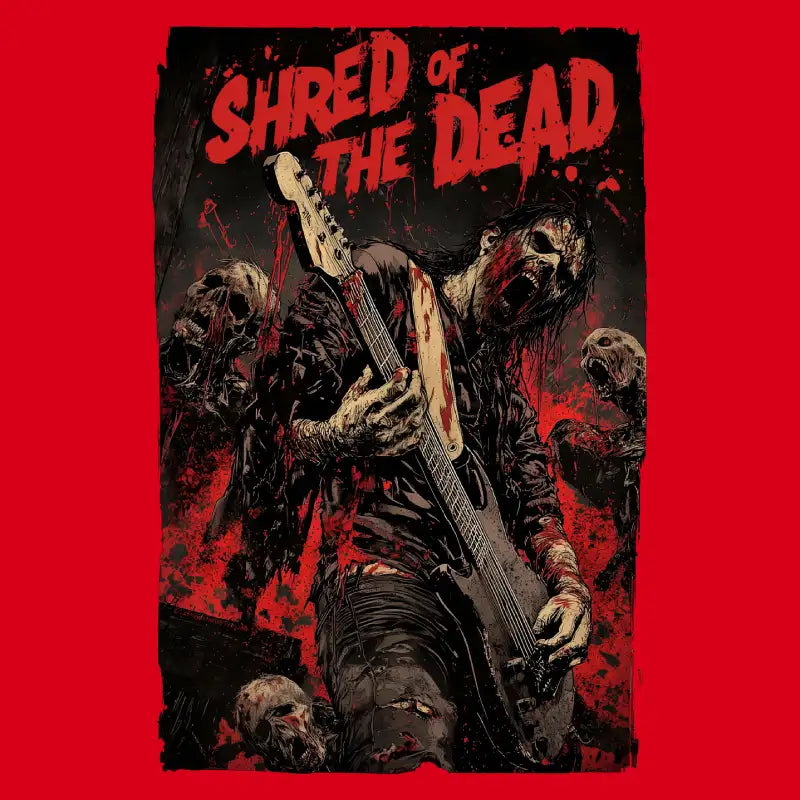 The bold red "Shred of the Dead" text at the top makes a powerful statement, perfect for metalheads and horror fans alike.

* * *

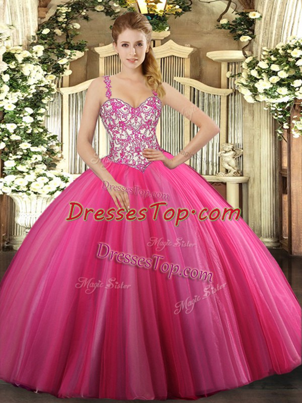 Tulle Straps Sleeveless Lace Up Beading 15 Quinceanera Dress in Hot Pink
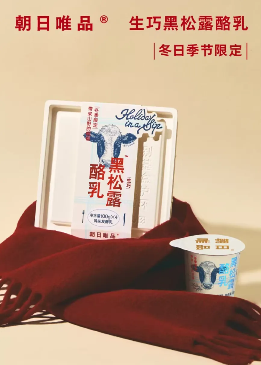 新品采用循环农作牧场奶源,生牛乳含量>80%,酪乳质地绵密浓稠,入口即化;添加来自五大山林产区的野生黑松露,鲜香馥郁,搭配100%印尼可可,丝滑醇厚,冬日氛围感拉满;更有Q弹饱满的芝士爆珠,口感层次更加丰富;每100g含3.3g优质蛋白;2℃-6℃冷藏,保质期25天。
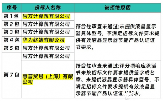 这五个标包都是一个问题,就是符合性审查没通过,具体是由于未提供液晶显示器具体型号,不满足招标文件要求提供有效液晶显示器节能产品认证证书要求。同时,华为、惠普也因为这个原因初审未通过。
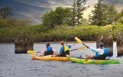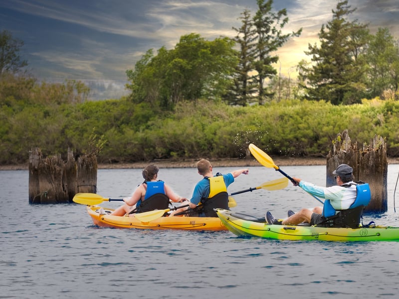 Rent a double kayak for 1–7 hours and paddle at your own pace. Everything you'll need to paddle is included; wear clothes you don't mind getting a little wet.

---

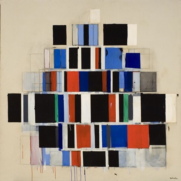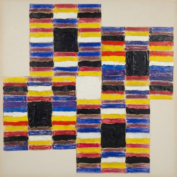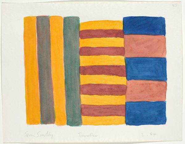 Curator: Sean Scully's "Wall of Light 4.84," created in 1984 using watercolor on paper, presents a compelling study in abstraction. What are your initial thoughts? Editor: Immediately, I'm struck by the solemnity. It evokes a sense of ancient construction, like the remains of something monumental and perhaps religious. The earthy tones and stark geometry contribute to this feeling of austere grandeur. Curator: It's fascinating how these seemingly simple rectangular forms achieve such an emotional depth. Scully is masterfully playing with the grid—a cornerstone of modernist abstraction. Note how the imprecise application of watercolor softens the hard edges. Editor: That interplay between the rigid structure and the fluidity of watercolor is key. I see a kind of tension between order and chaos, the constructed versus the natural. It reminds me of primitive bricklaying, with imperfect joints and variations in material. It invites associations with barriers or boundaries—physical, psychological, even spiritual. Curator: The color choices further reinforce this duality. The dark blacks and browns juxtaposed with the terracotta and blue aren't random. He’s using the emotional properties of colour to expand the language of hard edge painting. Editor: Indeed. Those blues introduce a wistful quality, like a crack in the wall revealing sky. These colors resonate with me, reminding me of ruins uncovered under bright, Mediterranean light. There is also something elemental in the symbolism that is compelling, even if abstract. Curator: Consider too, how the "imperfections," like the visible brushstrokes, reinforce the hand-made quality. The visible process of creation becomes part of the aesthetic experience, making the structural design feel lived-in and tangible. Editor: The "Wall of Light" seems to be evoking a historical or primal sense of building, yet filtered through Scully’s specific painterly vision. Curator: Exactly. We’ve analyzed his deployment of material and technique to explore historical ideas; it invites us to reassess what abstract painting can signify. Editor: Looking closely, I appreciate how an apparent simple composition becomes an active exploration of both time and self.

• TASK ITEM: Above are some records. Output exactly the lines from the one that contains "Tulle Straps Sleeveless" to the one that contains "Rent a double", keeping both, and omit the pictures.

• OUTPUT OF THE EXERCISE:
 Tulle Straps Sleeveless Lace Up Beading 15 Quinceanera Dress in Hot Pink
 新品采用循环农作牧场奶源,生牛乳含量>80%,酪乳质地绵密浓稠,入口即化;添加来自五大山林产区的野生黑松露,鲜香馥郁,搭配100%印尼可可,丝滑醇厚,冬日氛围感拉满;更有Q弹饱满的芝士爆珠,口感层次更加丰富;每100g含3.3g优质蛋白;2℃-6℃冷藏,保质期25天。
 这五个标包都是一个问题,就是符合性审查没通过,具体是由于未提供液晶显示器具体型号,不满足招标文件要求提供有效液晶显示器节能产品认证证书要求。同时,华为、惠普也因为这个原因初审未通过。
 Rent a double kayak for 1–7 hours and paddle at your own pace. Everything you'll need to paddle is included; wear clothes you don't mind getting a little wet.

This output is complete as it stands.